Why is $(1-\cot 37^\circ)(1-\cot 8^\circ)=2.00000000\cdots$? Apparently, 
$$(1-\cot 37^\circ)(1-\cot 8^\circ)=2.00000000000000000\cdots$$
Since it is a $2.0000000000\cdots$ instead of $2$, it isn't exactly $2$.
Why is that?
 A: Using various trigonometric identities, you should be able to show the left hand side is equal to $2$. The ones you will need are:
$$\cos(A+B)=\cos A\cos B-\sin A\sin B,\quad \cos(-A)=\cos A,\quad \cos(45^\circ)=\sin(45^\circ)=\frac1{\sqrt{2}}$$
as well as an understanding of what $\cot A$ means. The reason you have the answer of $2.000000\ldots$ (which I assume you got from WolfRamAlpha or similar) is because it's easier for a computer to just work out $\cot 37^\circ,\cot 8^\circ$ to any degree of accuracy and then solve by brute force. So the computer gets an answer of, for example, $2.000000$ correct to $6$ decimal places, but cannot be sure that the answer is exactly $2$.
A: $$\begin{align}
1-\cot{\left(x\right)}
&=1-\frac{\cos{\left(x\right)}}{\sin{\left(x\right)}}\\
&=\frac{\sin{\left(x\right)}-\cos{\left(x\right)}}{\sin{\left(x\right)}}\\
&=-\sqrt{2}\frac{\sin{\left(\frac{\pi}{4}-x\right)}}{\sin{\left(x\right)}}.\\
\end{align}$$
Therefore,
$$\begin{align}
1-\cot{\left(\frac{\pi}{4}-x\right)}
&=-\sqrt{2}\frac{\sin{\left(\frac{\pi}{4}-\left(\frac{\pi}{4}-x\right)\right)}}{\sin{\left(\frac{\pi}{4}-x\right)}}\\
&=-\sqrt{2}\frac{\sin{\left(x\right)}}{\sin{\left(\frac{\pi}{4}-x\right)}}.\\
\end{align}$$
Hence,
$$\begin{align}
\left(1-\cot{\left(x\right)}\right)\cdot\left(1-\cot{\left(\frac{\pi}{4}-x\right)}\right)

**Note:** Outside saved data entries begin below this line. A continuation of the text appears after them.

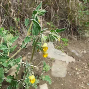 Hermannia althaeifolia is a subherbaceous annual or short-lived perennial plant native to South Africa, characterized by stellate hairs and gland-tipped hairs on its stems and leaves.
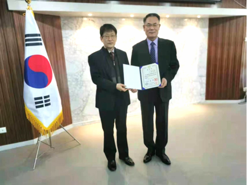 10月27日,韩国驻西安总领事馆先生代表韩国政府为韩国籍西安培华学院崔圣伯教授颁发了韩国国务总理奖状和奖章。
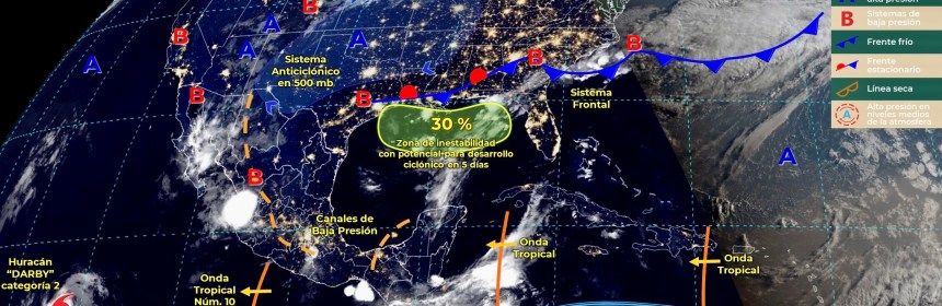 Se pronostican lluvias puntuales muy fuertes en el noroeste, occidente, centro, Sur y sureste de México.
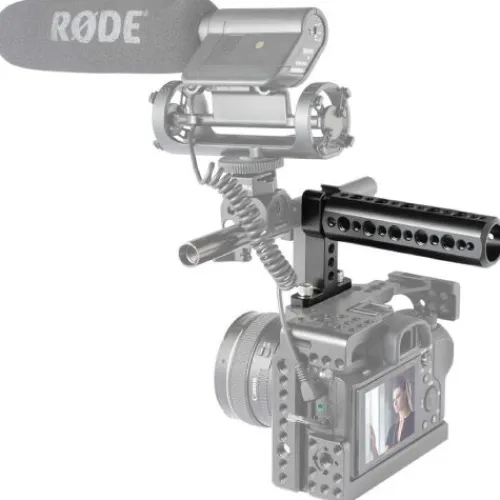 The SmallRig Top Handle (1/4″-20 Screws) 1638C is designed to enhance low-angle shooting and reduce arm strain. Its ergonomic design offers a comfortable grip, and it comes equipped with various accessory mounts. These include a front cold shoe mount for a microphone, LED light, or Monitor Mount 2905; an ARRI 3/8″-16 locating hole at the rear for Monitor Mount 2903; and 1/4″-20 & 3/8″-16 threaded holes on the top and sides for attaching the Magic Arm 2070 to mount monitors. The handle is also compatible with Remote Control 2924 for camera recording. It can be installed via standard threaded holes, providing flexibility and ease of use.

&=\left[-\sqrt{2}\frac{\sin{\left(\frac{\pi}{4}-x\right)}}{\sin{\left(x\right)}}\right]\cdot\left[-\sqrt{2}\frac{\sin{\left(x\right)}}{\sin{\left(\frac{\pi}{4}-x\right)}}\right]\\
&=2.\
\end{align}$$
A: $$
1 = \cot45^\circ = \cot(37^\circ+8^\circ) = \frac{\cot37^\circ\cot8^\circ-1}{\cot37^\circ+\cot8^\circ}.
$$
Therefore
$$
\cot37^\circ+\cot8^\circ = \cot37^\circ\cot8^\circ-1
$$
so
$$
2 = 1-\cot37^\circ-\cot8^\circ +\cot37^\circ\cot8^\circ=(1-\cot37^\circ)(1-\cot8^\circ).
$$
A: Alternatively,
$$\cot(x+y) = \frac{\cos(x+y)}{\sin(x+y)} = \frac{\cos x \cos y - \sin x \sin y}{\sin x \cos y + \cos x \sin y} = \frac{\cot x \cot y - 1}{\cot x + \cot y}$$
Now if $x = 37^\circ$, $y = 8^\circ$, then $\cot(x + y) = \cot 45^\circ = 1$ and
$$\begin{align}  \ \ \ \  1 & = \frac{\cot x \cot y - 1}{\cot x + \cot y} \\  \cot x + \cot y & = \cot x \cot y - 1 \\
   2 + \cot x + \cot y & = \cot x \cot y + 1 \\
 1 - \cot x - \cot y + \cot x \cot y  & = 2 \\
(1 - \cot x)(1 - \cot y) & = 2 \\
(1 - \cot 37^\circ)(1 - \cot 8^\circ) & = 2
\end{align}$$
A: $2.\dot 0$ is exacyly equal to 2